• **Required work**
Only the lines from the one containing "一週間前に種まきしたアサガオが生長して年長さんを迎えます" through the end of the records should be retyped, exactly and including both ends; pictures stay out.

• **Given information**
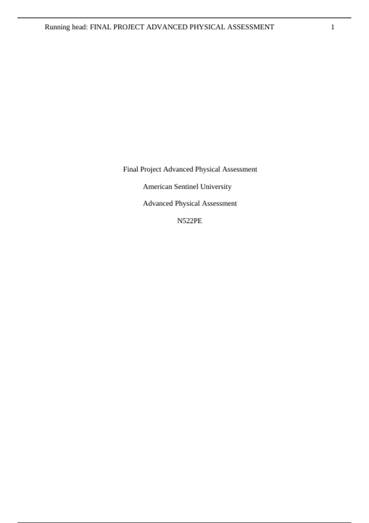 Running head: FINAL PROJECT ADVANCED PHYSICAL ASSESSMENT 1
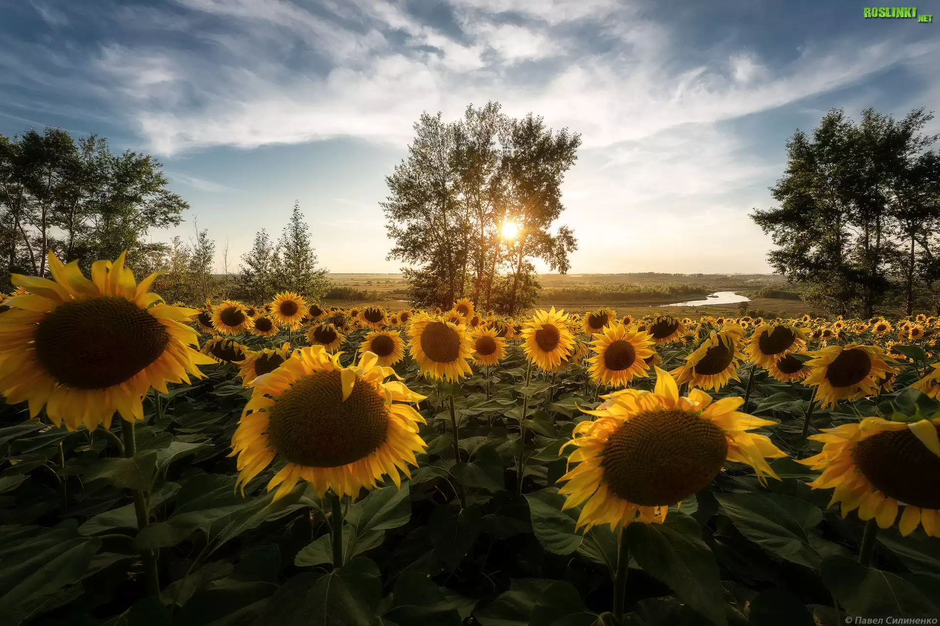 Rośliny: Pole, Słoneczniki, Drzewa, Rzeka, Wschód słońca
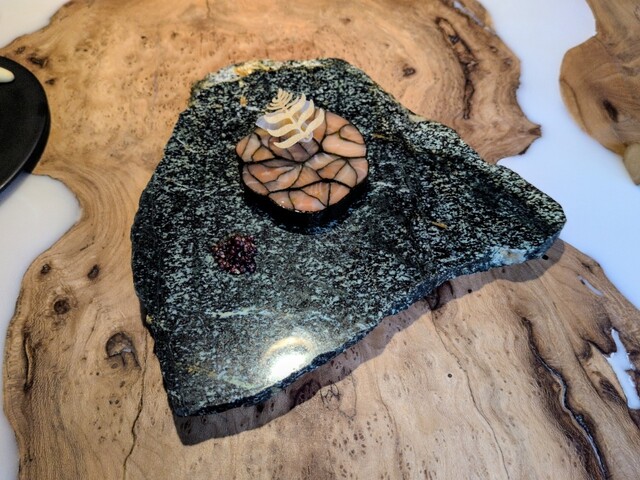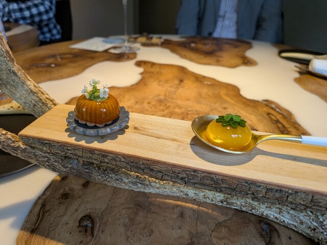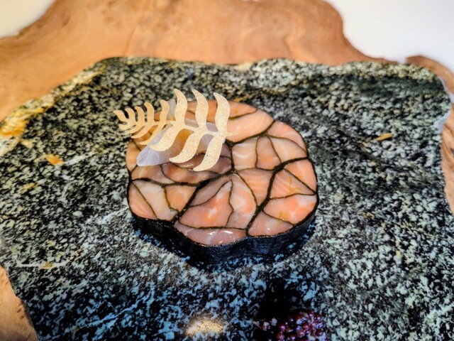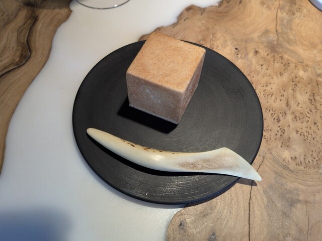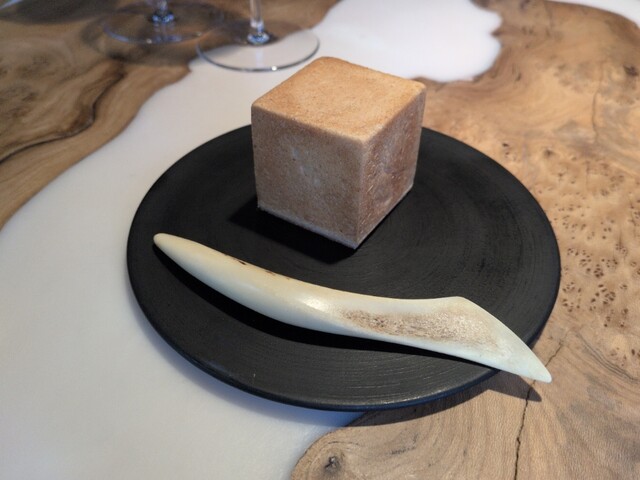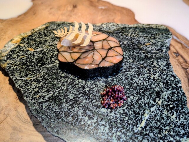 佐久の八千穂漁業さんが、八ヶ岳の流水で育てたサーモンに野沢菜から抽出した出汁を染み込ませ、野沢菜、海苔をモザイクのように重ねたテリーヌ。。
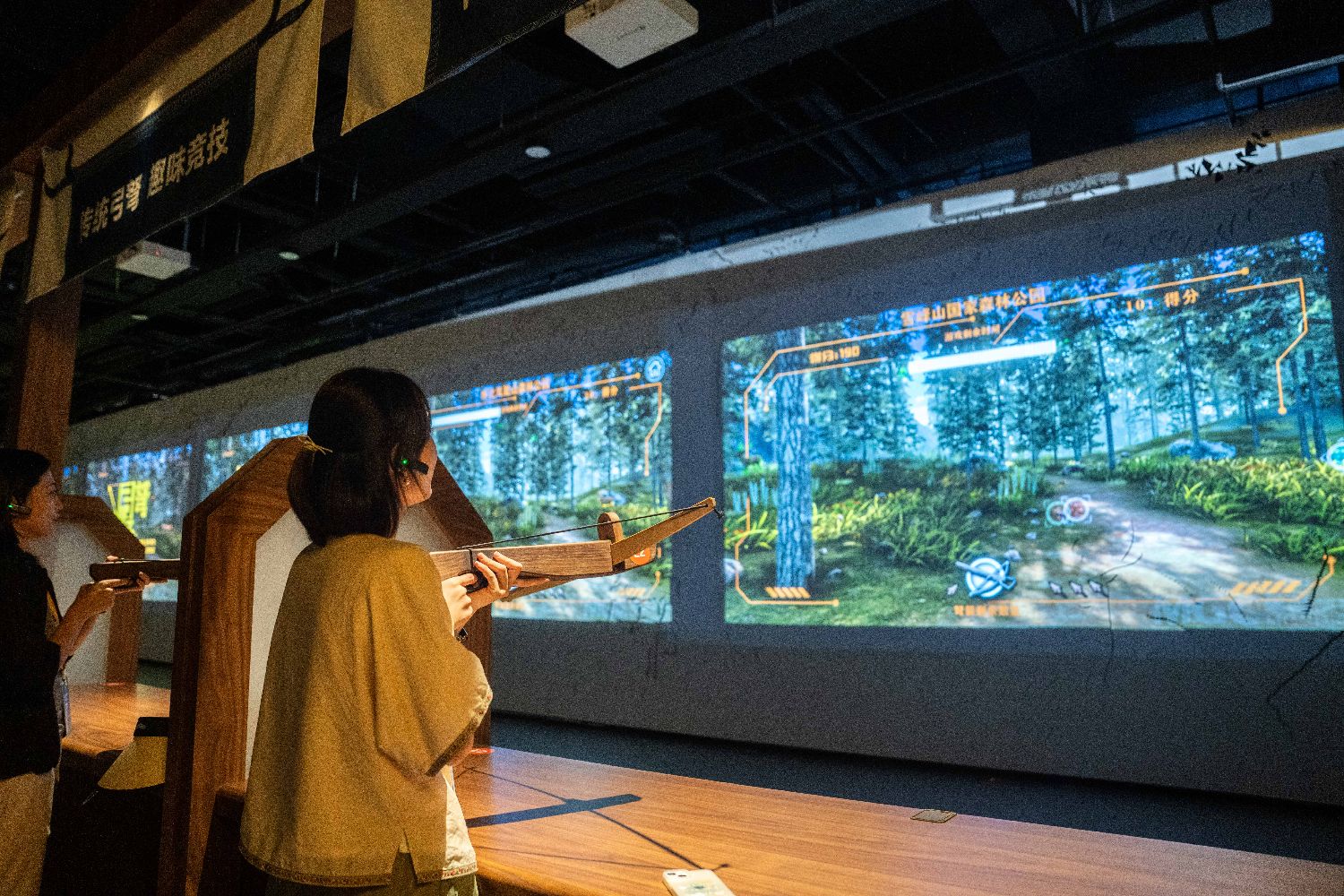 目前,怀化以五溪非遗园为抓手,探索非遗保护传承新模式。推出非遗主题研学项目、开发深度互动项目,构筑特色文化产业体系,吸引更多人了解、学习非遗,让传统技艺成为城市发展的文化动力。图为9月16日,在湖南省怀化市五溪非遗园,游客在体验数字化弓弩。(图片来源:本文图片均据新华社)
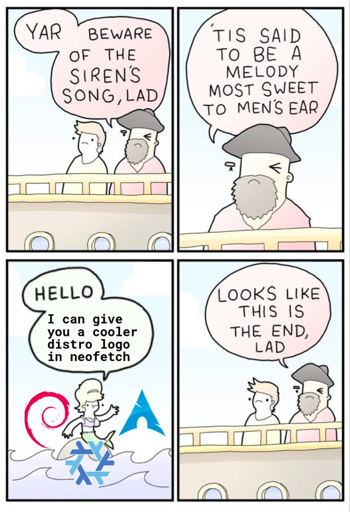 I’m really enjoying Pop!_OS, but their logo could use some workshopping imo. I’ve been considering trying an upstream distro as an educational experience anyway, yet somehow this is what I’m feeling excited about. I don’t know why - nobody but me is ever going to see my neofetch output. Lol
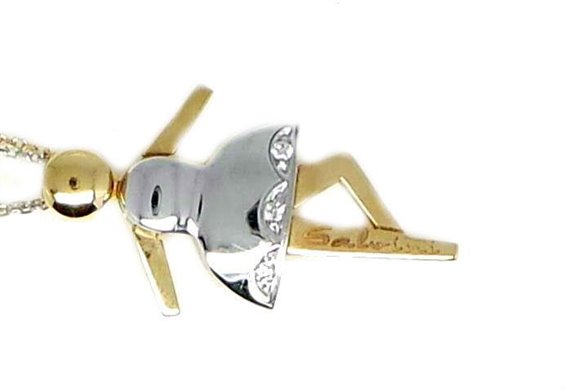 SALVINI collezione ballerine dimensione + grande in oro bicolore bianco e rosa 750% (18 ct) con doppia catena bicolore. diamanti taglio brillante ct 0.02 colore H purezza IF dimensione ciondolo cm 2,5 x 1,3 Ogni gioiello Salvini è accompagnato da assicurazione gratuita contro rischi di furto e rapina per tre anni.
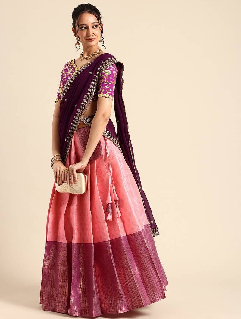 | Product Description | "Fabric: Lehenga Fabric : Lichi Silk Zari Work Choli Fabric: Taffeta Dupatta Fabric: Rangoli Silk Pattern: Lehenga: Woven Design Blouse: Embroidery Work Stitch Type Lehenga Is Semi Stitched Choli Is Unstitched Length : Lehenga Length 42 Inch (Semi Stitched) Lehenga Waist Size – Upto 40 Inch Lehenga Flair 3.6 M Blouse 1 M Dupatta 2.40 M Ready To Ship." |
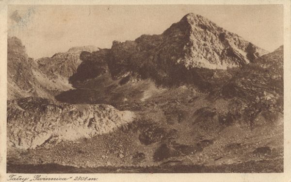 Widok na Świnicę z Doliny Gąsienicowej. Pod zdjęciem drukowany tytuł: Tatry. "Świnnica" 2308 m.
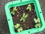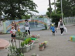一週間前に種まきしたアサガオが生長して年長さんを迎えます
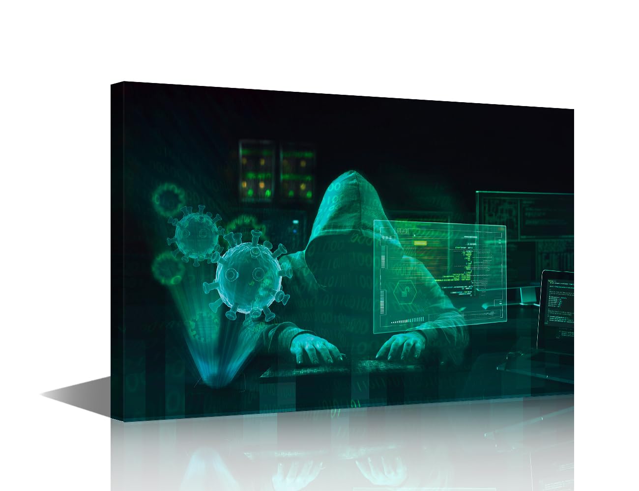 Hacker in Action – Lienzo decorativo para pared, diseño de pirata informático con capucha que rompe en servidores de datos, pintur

• **Answer below**
一週間前に種まきしたアサガオが生長して年長さんを迎えます
 Hacker in Action – Lienzo decorativo para pared, diseño de pirata informático con capucha que rompe en servidores de datos, pintur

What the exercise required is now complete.